* Work required: In the records below, find each line with the word "foram" and copy it.

===== Source data

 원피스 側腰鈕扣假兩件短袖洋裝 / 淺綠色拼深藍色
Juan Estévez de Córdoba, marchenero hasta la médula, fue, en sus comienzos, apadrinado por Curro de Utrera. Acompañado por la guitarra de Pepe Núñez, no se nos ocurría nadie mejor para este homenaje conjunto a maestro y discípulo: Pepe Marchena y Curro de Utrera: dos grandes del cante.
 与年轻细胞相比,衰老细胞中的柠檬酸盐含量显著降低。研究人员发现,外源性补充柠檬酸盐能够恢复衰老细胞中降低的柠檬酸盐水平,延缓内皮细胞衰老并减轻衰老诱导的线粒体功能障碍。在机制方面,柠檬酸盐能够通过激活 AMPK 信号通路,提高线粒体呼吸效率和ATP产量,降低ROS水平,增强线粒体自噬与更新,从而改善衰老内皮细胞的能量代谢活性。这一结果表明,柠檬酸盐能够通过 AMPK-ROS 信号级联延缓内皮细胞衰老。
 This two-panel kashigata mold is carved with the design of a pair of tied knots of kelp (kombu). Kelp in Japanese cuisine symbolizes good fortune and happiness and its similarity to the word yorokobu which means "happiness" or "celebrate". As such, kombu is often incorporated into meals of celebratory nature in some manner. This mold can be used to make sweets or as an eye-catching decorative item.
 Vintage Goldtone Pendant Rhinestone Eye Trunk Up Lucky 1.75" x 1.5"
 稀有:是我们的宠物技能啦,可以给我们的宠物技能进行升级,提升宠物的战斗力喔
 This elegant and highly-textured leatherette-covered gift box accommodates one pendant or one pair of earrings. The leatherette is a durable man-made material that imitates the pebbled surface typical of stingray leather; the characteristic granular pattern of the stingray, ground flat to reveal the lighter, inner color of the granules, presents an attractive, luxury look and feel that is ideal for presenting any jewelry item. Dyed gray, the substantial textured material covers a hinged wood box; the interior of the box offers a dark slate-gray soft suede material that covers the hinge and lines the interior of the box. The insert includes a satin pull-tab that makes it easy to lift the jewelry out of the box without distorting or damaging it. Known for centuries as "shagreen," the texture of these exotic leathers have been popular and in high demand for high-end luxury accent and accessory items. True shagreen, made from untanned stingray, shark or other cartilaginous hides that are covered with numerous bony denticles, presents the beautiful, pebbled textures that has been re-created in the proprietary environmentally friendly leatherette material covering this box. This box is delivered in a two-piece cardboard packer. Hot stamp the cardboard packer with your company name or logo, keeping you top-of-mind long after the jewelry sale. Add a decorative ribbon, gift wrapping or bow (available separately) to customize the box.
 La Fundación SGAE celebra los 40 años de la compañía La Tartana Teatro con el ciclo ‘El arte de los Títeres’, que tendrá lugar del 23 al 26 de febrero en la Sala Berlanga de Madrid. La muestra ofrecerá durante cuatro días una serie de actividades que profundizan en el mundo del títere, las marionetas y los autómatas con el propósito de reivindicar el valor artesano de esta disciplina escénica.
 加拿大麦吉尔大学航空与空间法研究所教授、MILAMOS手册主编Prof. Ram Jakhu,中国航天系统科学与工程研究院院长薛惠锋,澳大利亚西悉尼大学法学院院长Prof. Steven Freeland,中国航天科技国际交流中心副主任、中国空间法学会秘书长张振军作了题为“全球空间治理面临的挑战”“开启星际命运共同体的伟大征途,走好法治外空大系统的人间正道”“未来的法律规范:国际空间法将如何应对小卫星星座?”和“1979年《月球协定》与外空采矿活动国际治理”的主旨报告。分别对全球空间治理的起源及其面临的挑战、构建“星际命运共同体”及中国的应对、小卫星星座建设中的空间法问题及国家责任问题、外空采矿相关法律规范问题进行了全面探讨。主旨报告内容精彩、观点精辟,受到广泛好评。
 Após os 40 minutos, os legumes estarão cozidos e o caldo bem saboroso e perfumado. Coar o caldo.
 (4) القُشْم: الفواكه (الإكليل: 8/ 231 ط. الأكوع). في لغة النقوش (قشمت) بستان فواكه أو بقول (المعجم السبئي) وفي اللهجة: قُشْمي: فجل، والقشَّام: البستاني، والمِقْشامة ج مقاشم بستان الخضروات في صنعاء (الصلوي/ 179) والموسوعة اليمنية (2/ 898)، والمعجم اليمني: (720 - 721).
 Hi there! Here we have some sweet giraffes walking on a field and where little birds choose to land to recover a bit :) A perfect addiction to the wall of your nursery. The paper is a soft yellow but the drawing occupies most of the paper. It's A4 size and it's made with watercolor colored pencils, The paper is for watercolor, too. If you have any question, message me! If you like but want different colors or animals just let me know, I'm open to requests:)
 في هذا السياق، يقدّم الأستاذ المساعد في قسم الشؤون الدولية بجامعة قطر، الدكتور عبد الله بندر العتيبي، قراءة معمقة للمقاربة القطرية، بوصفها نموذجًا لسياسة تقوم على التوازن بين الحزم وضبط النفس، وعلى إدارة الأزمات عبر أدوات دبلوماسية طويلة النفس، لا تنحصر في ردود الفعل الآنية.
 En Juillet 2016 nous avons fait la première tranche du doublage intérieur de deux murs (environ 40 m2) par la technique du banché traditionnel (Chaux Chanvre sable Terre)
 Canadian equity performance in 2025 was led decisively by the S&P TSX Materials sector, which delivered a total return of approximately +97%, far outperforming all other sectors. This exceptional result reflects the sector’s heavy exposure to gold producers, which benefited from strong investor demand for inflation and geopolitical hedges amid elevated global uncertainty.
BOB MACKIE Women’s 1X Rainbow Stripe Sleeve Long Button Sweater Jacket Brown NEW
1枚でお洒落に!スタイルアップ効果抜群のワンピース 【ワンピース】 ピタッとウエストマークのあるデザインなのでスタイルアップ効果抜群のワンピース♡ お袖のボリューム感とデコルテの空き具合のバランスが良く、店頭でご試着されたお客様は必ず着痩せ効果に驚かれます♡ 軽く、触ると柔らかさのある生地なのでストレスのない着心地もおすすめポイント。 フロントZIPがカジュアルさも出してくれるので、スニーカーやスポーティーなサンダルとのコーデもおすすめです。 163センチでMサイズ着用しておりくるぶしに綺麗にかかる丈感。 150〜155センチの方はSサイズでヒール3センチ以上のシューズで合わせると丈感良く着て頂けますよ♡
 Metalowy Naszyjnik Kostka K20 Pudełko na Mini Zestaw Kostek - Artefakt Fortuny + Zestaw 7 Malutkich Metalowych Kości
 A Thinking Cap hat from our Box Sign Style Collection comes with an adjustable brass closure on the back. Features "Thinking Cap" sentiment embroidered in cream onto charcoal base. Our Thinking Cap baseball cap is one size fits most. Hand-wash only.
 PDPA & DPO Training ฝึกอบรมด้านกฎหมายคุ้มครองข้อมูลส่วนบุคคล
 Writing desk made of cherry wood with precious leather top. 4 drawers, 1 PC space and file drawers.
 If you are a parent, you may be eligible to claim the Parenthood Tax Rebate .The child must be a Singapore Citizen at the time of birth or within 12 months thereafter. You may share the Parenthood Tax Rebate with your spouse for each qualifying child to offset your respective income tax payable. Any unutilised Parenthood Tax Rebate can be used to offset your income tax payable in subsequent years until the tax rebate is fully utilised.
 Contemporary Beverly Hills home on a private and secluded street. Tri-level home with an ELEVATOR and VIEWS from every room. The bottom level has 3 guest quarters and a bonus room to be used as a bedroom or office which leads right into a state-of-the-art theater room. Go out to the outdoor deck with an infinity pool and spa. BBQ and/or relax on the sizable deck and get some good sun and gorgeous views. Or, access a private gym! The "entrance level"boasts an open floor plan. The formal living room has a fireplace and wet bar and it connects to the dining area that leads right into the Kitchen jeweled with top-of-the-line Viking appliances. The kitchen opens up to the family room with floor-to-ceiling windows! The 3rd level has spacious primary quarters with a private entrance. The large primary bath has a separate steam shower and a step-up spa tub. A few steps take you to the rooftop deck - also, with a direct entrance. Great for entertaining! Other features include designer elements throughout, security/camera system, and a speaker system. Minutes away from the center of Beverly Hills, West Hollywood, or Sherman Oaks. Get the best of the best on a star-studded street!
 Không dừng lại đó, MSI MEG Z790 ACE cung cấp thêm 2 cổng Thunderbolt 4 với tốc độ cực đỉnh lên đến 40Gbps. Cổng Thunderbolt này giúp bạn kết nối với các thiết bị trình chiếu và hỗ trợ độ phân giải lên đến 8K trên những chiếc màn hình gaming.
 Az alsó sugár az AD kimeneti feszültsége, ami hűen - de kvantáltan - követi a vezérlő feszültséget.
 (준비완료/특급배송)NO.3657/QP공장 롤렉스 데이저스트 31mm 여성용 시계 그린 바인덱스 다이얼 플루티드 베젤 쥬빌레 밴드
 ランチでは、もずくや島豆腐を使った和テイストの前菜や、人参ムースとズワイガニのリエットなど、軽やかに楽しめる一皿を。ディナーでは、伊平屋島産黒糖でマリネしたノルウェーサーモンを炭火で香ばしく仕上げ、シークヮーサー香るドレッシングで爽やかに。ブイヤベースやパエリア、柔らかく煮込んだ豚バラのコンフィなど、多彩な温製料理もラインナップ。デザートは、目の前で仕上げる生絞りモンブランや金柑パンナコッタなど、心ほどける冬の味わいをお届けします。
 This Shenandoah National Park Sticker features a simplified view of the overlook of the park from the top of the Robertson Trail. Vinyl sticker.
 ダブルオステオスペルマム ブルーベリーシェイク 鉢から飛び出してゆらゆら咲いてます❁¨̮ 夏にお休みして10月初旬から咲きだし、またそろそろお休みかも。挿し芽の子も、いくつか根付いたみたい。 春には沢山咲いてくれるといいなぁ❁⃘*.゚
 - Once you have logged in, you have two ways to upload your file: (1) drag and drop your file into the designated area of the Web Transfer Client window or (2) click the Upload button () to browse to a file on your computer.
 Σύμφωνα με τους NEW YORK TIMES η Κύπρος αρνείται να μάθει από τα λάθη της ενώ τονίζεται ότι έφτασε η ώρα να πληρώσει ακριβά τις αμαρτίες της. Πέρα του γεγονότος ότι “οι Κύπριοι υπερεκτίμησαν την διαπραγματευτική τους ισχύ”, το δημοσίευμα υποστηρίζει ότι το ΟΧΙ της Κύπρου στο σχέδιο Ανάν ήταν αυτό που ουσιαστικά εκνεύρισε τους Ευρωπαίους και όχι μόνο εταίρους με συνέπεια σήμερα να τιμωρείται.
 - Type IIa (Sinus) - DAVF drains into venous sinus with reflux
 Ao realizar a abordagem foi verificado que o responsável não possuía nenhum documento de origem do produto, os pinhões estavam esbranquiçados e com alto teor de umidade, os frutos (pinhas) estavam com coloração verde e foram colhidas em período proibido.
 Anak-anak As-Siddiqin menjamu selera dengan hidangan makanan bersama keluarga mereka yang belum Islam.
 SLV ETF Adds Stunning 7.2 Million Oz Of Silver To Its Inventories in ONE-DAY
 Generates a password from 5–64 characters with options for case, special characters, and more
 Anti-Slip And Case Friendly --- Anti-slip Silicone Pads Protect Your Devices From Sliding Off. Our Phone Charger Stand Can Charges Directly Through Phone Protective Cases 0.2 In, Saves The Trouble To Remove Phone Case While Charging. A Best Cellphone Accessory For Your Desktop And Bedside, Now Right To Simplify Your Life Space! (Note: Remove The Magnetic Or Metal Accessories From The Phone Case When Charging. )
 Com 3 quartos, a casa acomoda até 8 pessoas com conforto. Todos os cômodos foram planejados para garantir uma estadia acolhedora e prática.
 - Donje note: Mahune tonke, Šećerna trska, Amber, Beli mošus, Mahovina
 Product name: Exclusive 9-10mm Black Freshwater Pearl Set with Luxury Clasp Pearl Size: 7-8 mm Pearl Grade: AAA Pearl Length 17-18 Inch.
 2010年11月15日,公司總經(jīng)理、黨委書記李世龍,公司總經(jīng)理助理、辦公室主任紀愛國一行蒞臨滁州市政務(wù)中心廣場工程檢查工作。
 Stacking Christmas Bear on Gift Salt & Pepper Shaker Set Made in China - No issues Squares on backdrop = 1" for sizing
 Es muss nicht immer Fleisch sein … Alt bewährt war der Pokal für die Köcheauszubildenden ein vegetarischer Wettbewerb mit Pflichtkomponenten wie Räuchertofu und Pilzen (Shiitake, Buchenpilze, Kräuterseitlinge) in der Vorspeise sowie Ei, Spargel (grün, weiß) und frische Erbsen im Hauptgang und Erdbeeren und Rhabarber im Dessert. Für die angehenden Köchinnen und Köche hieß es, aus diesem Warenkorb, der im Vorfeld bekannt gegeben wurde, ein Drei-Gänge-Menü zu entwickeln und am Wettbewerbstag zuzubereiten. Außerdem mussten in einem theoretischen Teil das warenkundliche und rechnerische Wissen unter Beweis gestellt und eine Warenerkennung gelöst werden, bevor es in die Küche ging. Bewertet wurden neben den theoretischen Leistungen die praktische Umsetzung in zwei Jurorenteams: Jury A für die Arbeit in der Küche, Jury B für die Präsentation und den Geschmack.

==========

* Exercise response:
 Ao realizar a abordagem foi verificado que o responsável não possuía nenhum documento de origem do produto, os pinhões estavam esbranquiçados e com alto teor de umidade, os frutos (pinhas) estavam com coloração verde e foram colhidas em período proibido.
 Com 3 quartos, a casa acomoda até 8 pessoas com conforto. Todos os cômodos foram planejados para garantir uma estadia acolhedora e prática.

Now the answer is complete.